PROVIDED DATA START
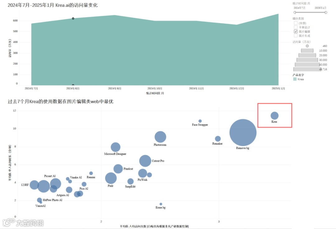 拿下本月增速 Top5,对 Krea 来说非常难得。Krea 的使用数据(单次访问时长和人均访问次数)很好看,但流量一直持平、甚至 2024 年下半年略有下滑。2025 年 1 月发了在图像中实时生成 3D、以及低门槛 Avatar 定制训练的功能之后,被大量创作者讨论,终于迎来 18.24% 的环比增幅。(而 Krea 在“长相”大同小异的图片赛道中,是一款很有自己思考和定位的产品,其独特的产品交互设计及基于独特交互实现的精准控制,保障了用户粘性并在近一个月里尝试不断破圈,本周我们会专门针对 Krea 发布一个选题,感兴趣的读者可关注)
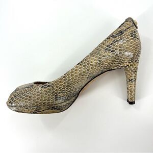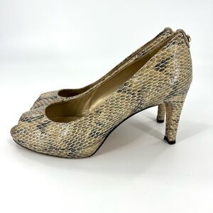 Stuart Weitzman Plainfield Snakeskin Peep-Toe Logo Pumps
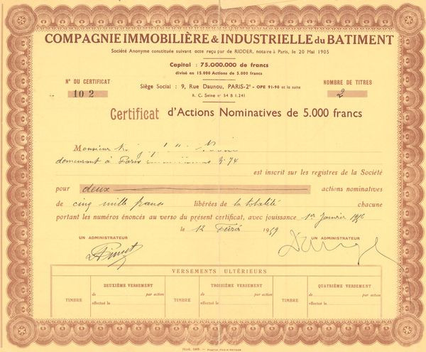 Cie Immobilière & Industrielle du Bâtiment (Certif d'Act Nomin 5000 F)
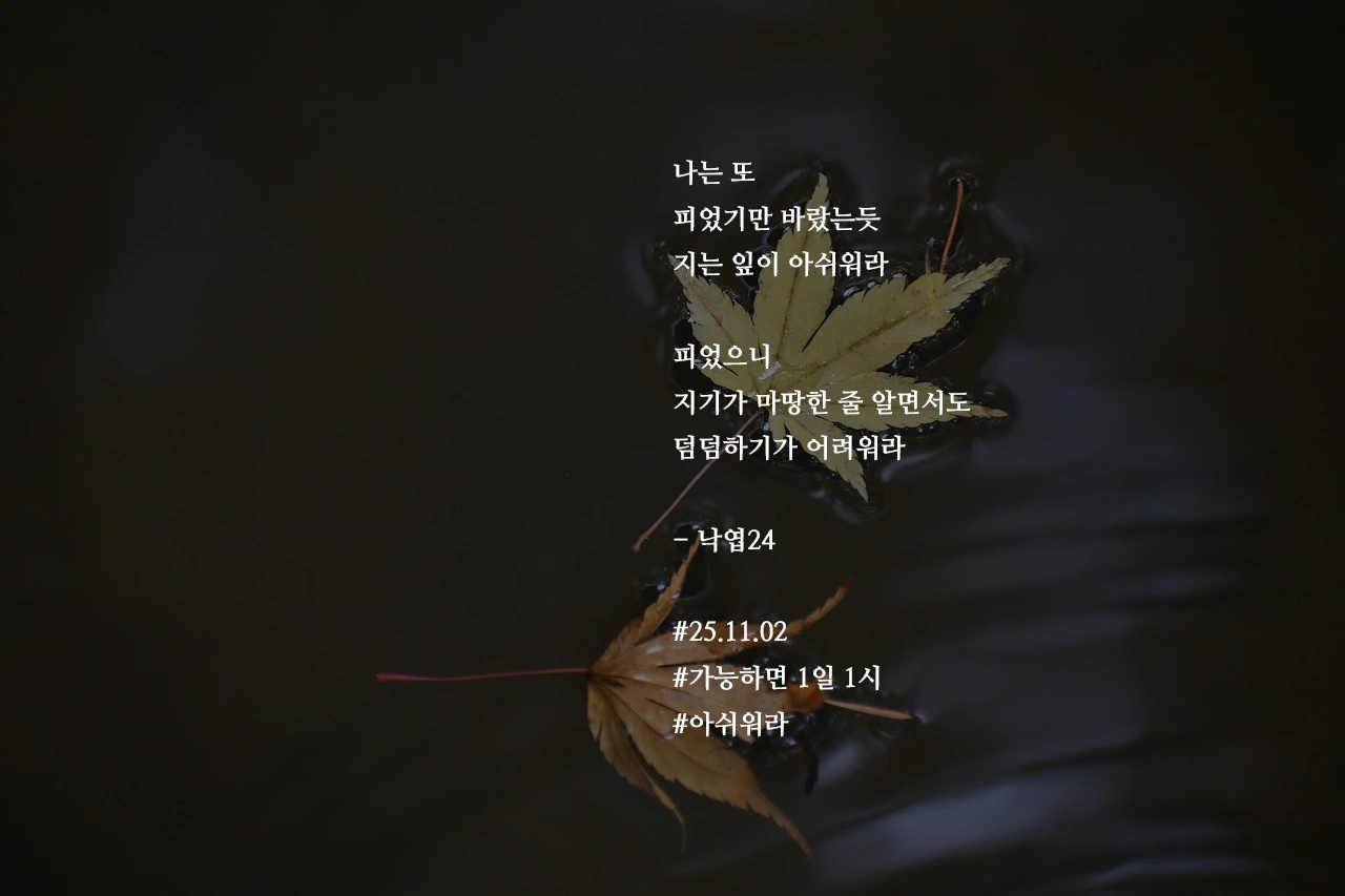 나는 또피었기만 바랐는듯지는 잎이 아쉬워라피었으니지기가 마땅한 줄 알면서도덤덤하기가 어려워라- 낙엽24#25.11.02#가능하면 1일 1시 #아쉬워라 작가의 말: 알면서도 어려워라
PROVIDED DATA END
TASK TO CARRY OUT ::
A word-for-word copy of all the data, without pictures, is the expected output.

ANSWER TO THIS PROBLEM ::
 拿下本月增速 Top5,对 Krea 来说非常难得。Krea 的使用数据(单次访问时长和人均访问次数)很好看,但流量一直持平、甚至 2024 年下半年略有下滑。2025 年 1 月发了在图像中实时生成 3D、以及低门槛 Avatar 定制训练的功能之后,被大量创作者讨论,终于迎来 18.24% 的环比增幅。(而 Krea 在“长相”大同小异的图片赛道中,是一款很有自己思考和定位的产品,其独特的产品交互设计及基于独特交互实现的精准控制,保障了用户粘性并在近一个月里尝试不断破圈,本周我们会专门针对 Krea 发布一个选题,感兴趣的读者可关注)
 Stuart Weitzman Plainfield Snakeskin Peep-Toe Logo Pumps
 Cie Immobilière & Industrielle du Bâtiment (Certif d'Act Nomin 5000 F)
 나는 또피었기만 바랐는듯지는 잎이 아쉬워라피었으니지기가 마땅한 줄 알면서도덤덤하기가 어려워라- 낙엽24#25.11.02#가능하면 1일 1시 #아쉬워라 작가의 말: 알면서도 어려워라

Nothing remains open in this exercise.